Tag Archives: black walnut trees

Gathering Walnuts Along Walnut Street

Gathering Walnuts Along Walnut Street   —by Jinny Batterson   

corner of Walnut and Walker            

The first time I remember participating in an autumn ritual of gathering black walnuts (juglans nigra), I was maybe ten or eleven years old. My dad, a small-scale residential building contractor in Maryland’s burgeoning suburbs, would notice, as he traveled from one building site to another, where there were black walnut trees growing along the sides of still-rural roads. He’d make mental notes of the most likely candidates for a bountiful fall harvest. Then, one crisp Sunday afternoon in October or early November, he’d load Mom, me, and my younger brothers and sister, along with some buckets or bushel baskets, into the family station wagon. He’d drive us all to that year’s designated walnut gathering site.

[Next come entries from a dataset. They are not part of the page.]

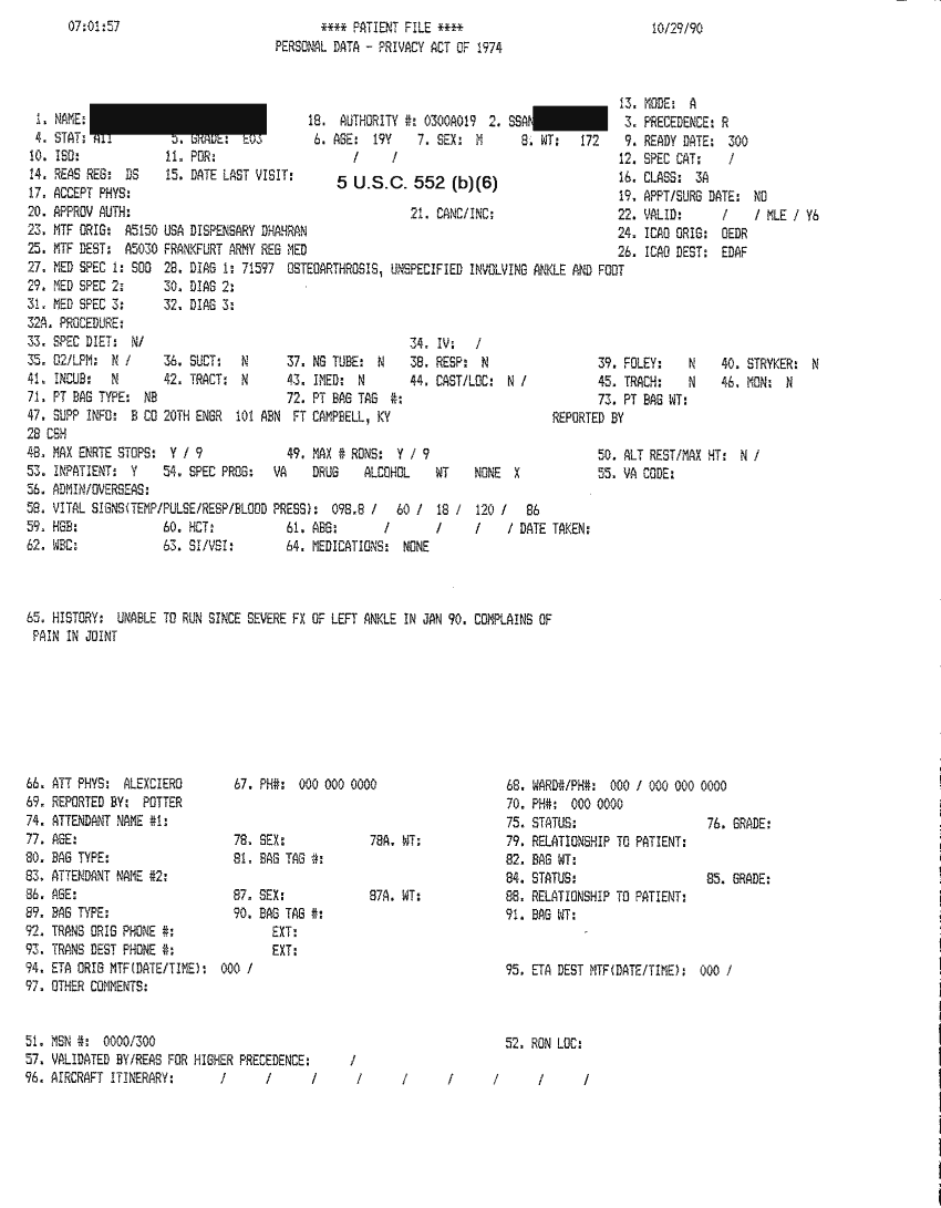 Document 46 f:/Week-32/BX000482/MEDSTAT - SITREPS OCT 90 3 OF 4/patient file 29 oct 90:10019616503417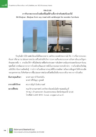 กาวชีวภาพจากกากถั่วเหลืองที่มีฤทธิ์ต้านเชื้อราส าหรับเฟอร์นิเจอร์ไม้ เทปพลาสติกชีวภาพที่มีฤทธิ์ในการต้านทานจุลินทรีย์ก่อโรคส าหรับปิดแผลต้นไม้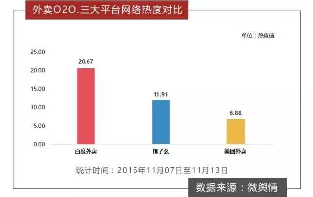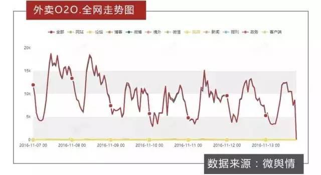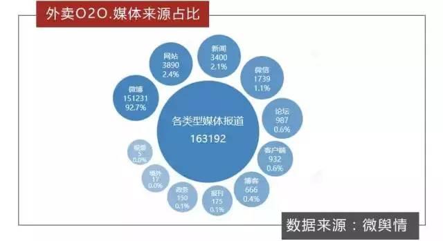 而據統計,在11月7日至13日期間,關于外賣O2O的全網信息總量高達163余萬條,微博成為該話題的主要輿論平臺,信息量占比達92.7%。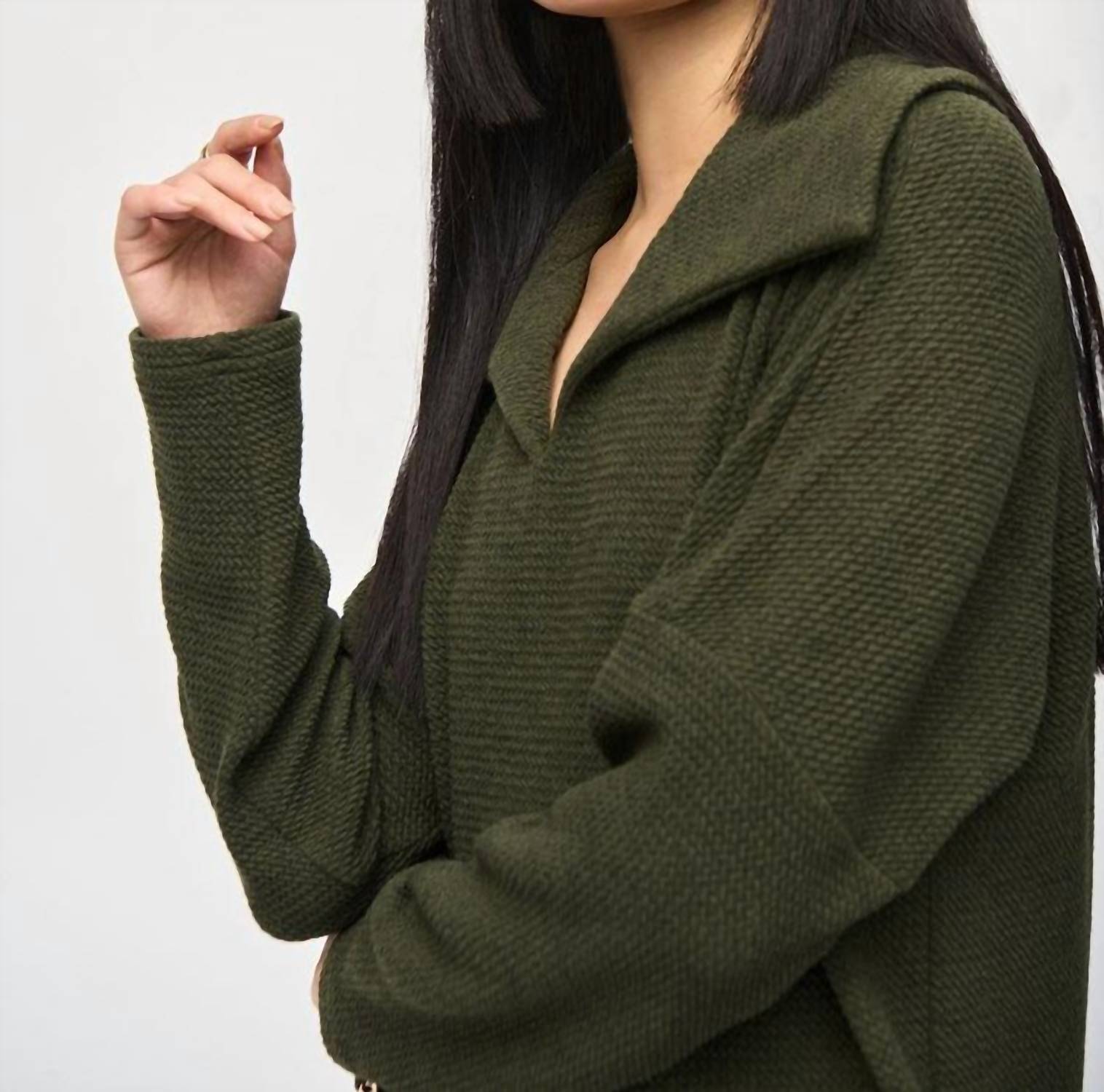 Introducing the Joseph Ribkoff Textured Sweater Knit Boxy Top in Iguana, where comfort meets contemporary style. This women's V-neck top features long dolman sleeves and is made from a blend of 81% polyester, 15% viscose rayon, and 4% spandex for a textured knit finish. With a sleek pull-on design and an elegant funnel collar, it offers a polished look. Care for it by hand washing in cold water with like colors and drying flat in the shade; do not tumble dry or iron.
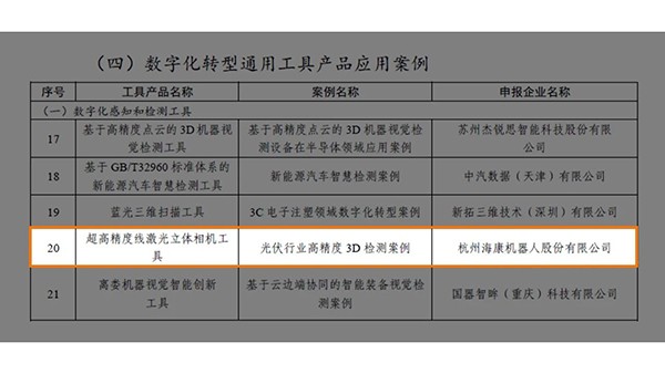 近日,工业和信息化部办公厅公布2024实数融合典型案例名单,海康机器人“超高精度线激光立体相机工具-光伏行业高精度3D检测案例”脱颖而出,入选其中的数字化转型通用工具产品应用案例名单。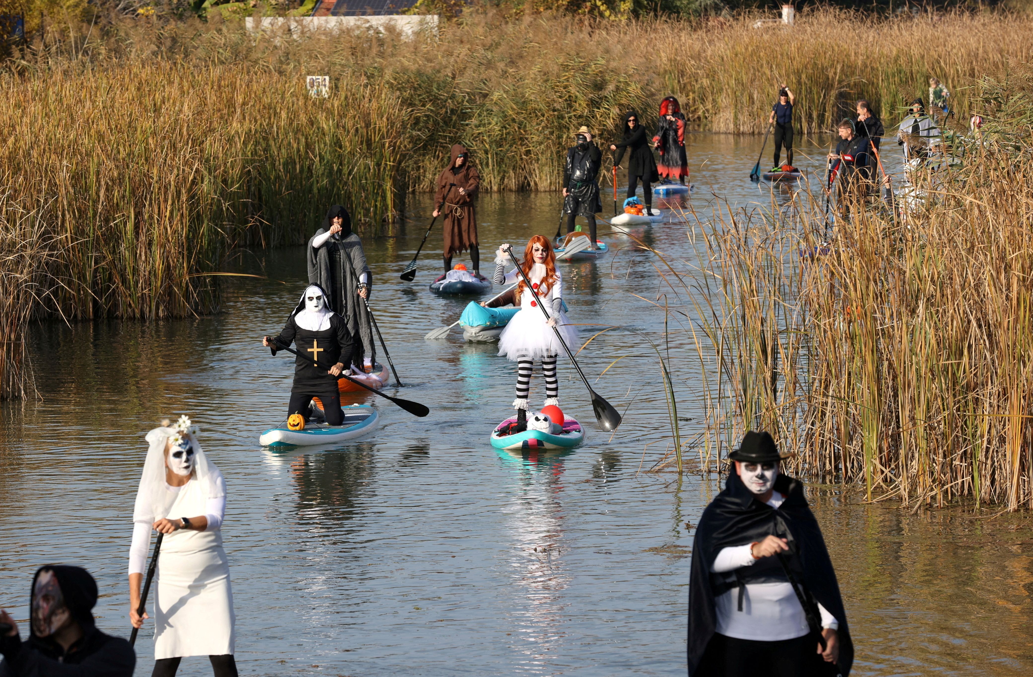 Participants make their way during a Halloween SUP tour on the Rackevei-Duna, in Szigetszentmiklos, Hungary, on October 27, 2024. (Photo by Bernadett Szabo/Reuters)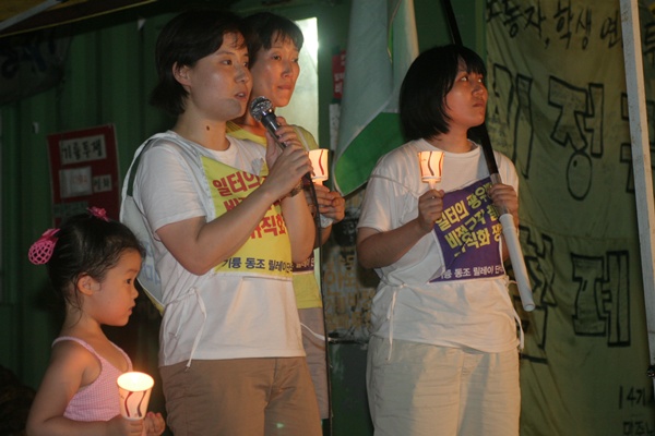 ▲ 기륭분회 촛불문화제에 참석한 '82cook.com'회원들이 자유발언을 통해 기륭분회 조합원들에게 연대의 뜻을 전하고 있다. |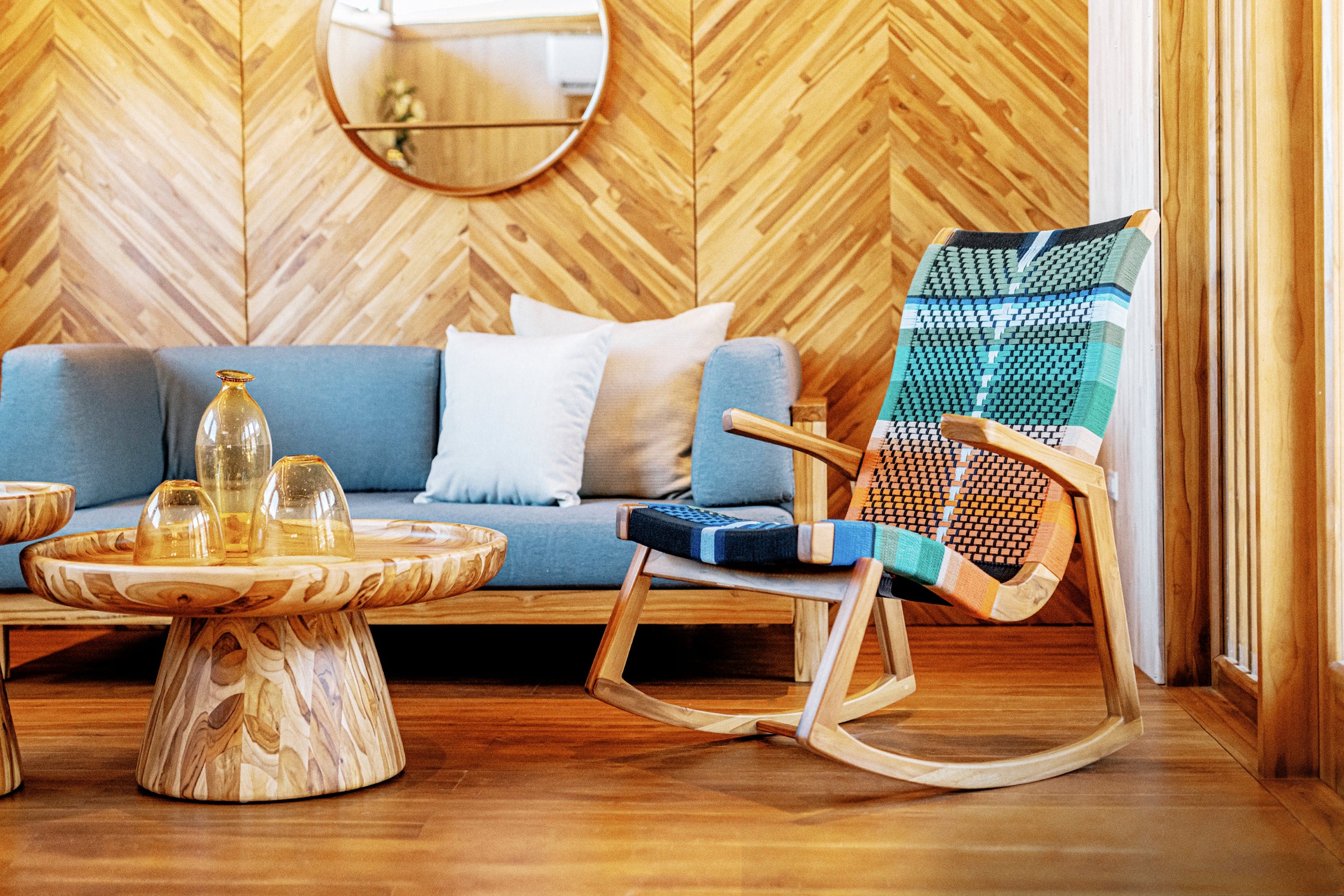 The Amador is our most popular rocker that combines comfort with a rich textured woven cord back and seat inspired by Mid-Century Danish Cord and Japandi designs.

We kids learned to be careful picking up the nuts. If the outer hulls were the least bit bruised, they could ooze a sticky sap onto our hands, turning them walnut brown. Once we’d either filled our buckets/baskets or run out of easily accessible nuts, we’d all pile back into the station wagon and return home.

The next challenge was to find a good way to remove the nuts’ outer hulls, then to keep the partially processed nuts secure from local squirrels until it was time to finish the nut cracking process. Dad tried various mesh screens, or running over the walnuts with the car, or storing the unhulled nuts loose in a shed in the back yard while their outer hulls dried, then husking them like corn. No solution was perfect, but by Christmas we typically had enough partially hulled nuts left to shell out a supply of nutmeats for flavoring cakes and Christmas cookies. Black walnuts’ inner shells are hard. It took a lot of effort with a hammer and a nut pick to get the meats from their shells. We nearly always missed a few choice morsels that were just too difficult to pry out. The flavor of black walnuts in carrot cake or oatmeal-raisin cookies, though, was worth the extra work.        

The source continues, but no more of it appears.